Despite the fatigue of the day and although the night was cold, sleep will come easily, however. And it will not because of the spartan housing conditions. In my down sleeping bag, a bottle of Pisco that I had buried to protect it from shock, was broken on the ground and released its heady fragrance and tough. The scent of coffee grounds mixed with the smell of oil permeating our clothes ever since the day the atmosphere will simply nauseating. Later, when the nearby church resound drums and wailing of bigoted service, the atmosphere will rise another notch. The "ceremony" will last until two o'clock in the morning.

(Tombs in the churchyard of Chiu-Chiu)

I even imagined for a moment, in a kind of nightmare, half awake, half asleep, that we should carry out human sacrifices as the noise from the church became annoying.

As if nothing had happened, and as had been expected yesterday, Doña Virginia woke us up early this morning. She brought on a tray, teapot, rolls and jam based on a result that we could not identify. "That's what your strength before you go to walk, the owner smiled from the hostel.

From the establishment of Doña Virginia must indeed walk at least two hours to get to "The Eye of the Sea."
In a vague way straying repeatedly and sometimes mingling with the traces left by herds of sheep, one must first cross a large stretch of rocky Pampa under a sky-blue steel. This morning, there was no shadow of a cloud, except a few fumaroles crachotées by a distant volcano. Probably the San Pedro.
Inlaid in a slight decline in the field, the "Eye Sea" finally appears.

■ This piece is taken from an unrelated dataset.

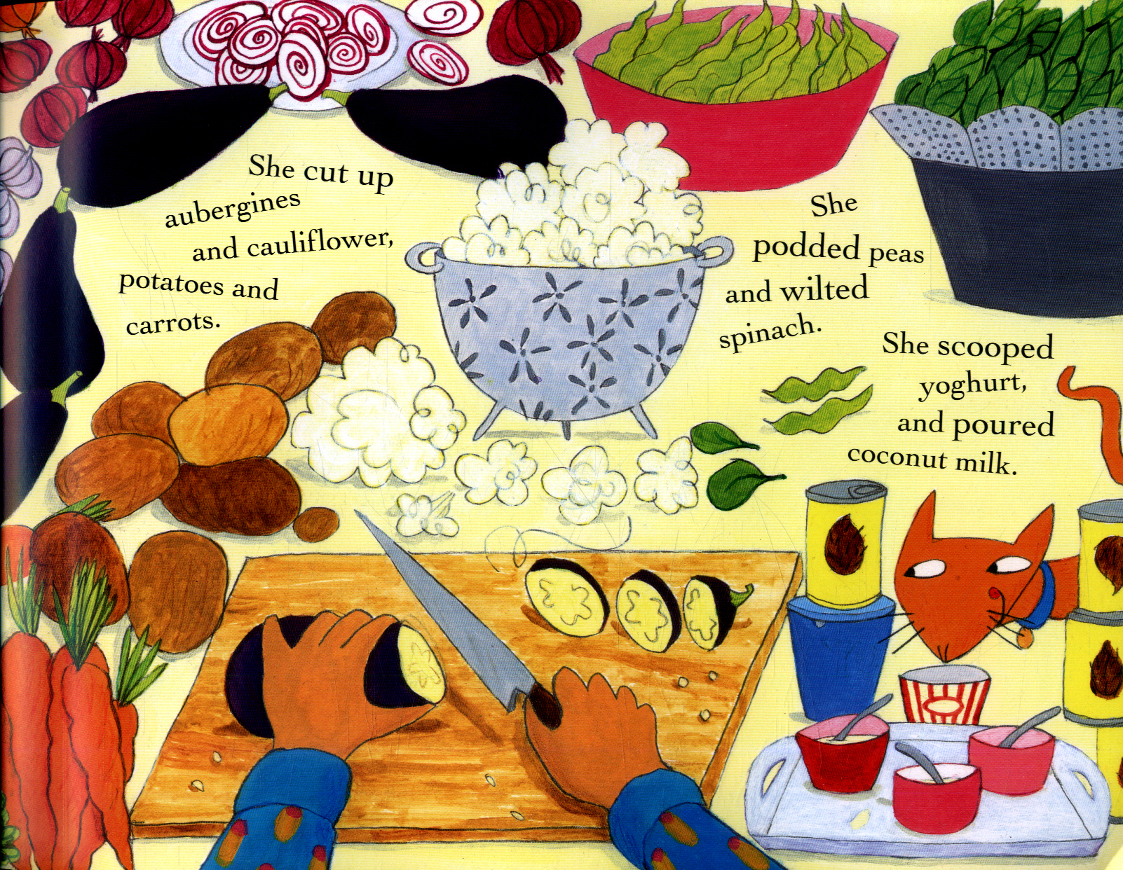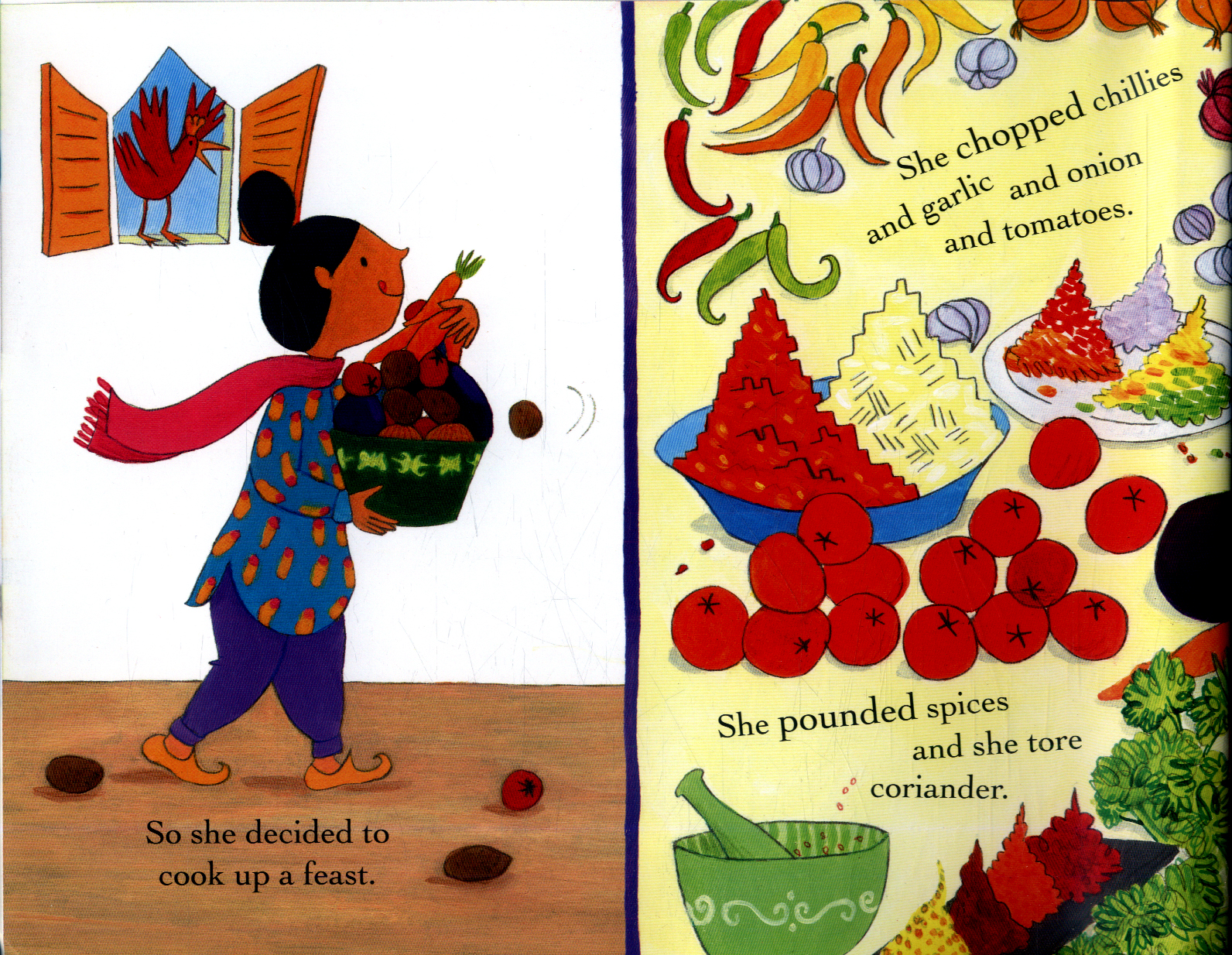 Follow the trail of the chapatti as it bounces and bursts through the book -- where will its adventure end?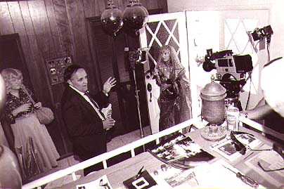 (Left to right) Betty Barbano, Andrew Barbano and belly dancer Rachel Jill with her very well behaved pet python, Sahadda, at a still/video session at Don and Liz Dondero's house. The client was a plumbing/heating/air conditioning trade association. I'll leave it to your imagination to figure out how the belly dancer and snake fit in. Notice the tools of Don's trade on the desk in the foreground. (1990)

This is a saltwater lagoon, perfectly circular, the diameter must not exceed 60 or 70 meters. The water-its location and lack of a clear indication, could easily escape the view of passersby. But without doubt this is due to this kind of irresistible attraction exercised by certain geological phenomena that we we found without too much trouble this water hole in the desert. A curiosity since time immemorial is the origin of the wildest legends. There are of course the usual testimony "credible" of those who, like the shoreline of Loch Ness, spotted on the surface of brackish waters a form resembling that of an antediluvian monster. But there are also poets. Those who believe that the bouquets de Cortada (a type of grass) did his best to push the edge of the lagoon are in fact the reincarnation of the "Three Mary." Three girls having drowned here once and whose hair spoke of, say, the look and silky texture of these plants! Other stories also tell that the Inca, fleeing the conquistadors would have swallowed up by some of their fabulous treasure. Among the most recurrent myths circulating around the lagoon there is finally one evoking a love story between a girl of Chiu-Chiu and the famous Inca Tupac Amaru rebels who took refuge in the region some time before resuming his desperate fight against Spaniards. Desperate to be able to hold his lover, too busy making war, the beautiful Chiu Chiu, spite, went to drown. Since then, told, the lagoon has taken a nice emerald green color. Eye color of the unfortunate mistress of the last great Inca rebel (executed in Cusco / Peru in 1572). More prosaically, Doña Virginia we still had strongly advised to avoid swimming in the waters of the "Eye Sea".
"If you really want to swim, stay close to shore because the water is very" heavy "there. If you go to the center, you'll be sucked in and you will never go back, it's a bottomless pit. No one has ever measured, Assen boss coffee As a final warning. " (based travel diary from December 91)

(Chiu-Chiu, "El Ojo de Mar, the Sea-Eye)

* The vinchuca (Triatoma infestans) present in the clay brick houses is a biting insect hematophagous of America tropical family of bugs ( Reduviidae). Is the vector a trypanosomiasis the Chagas . A deadly disease related to the disease sommmeil) from Wikipedia.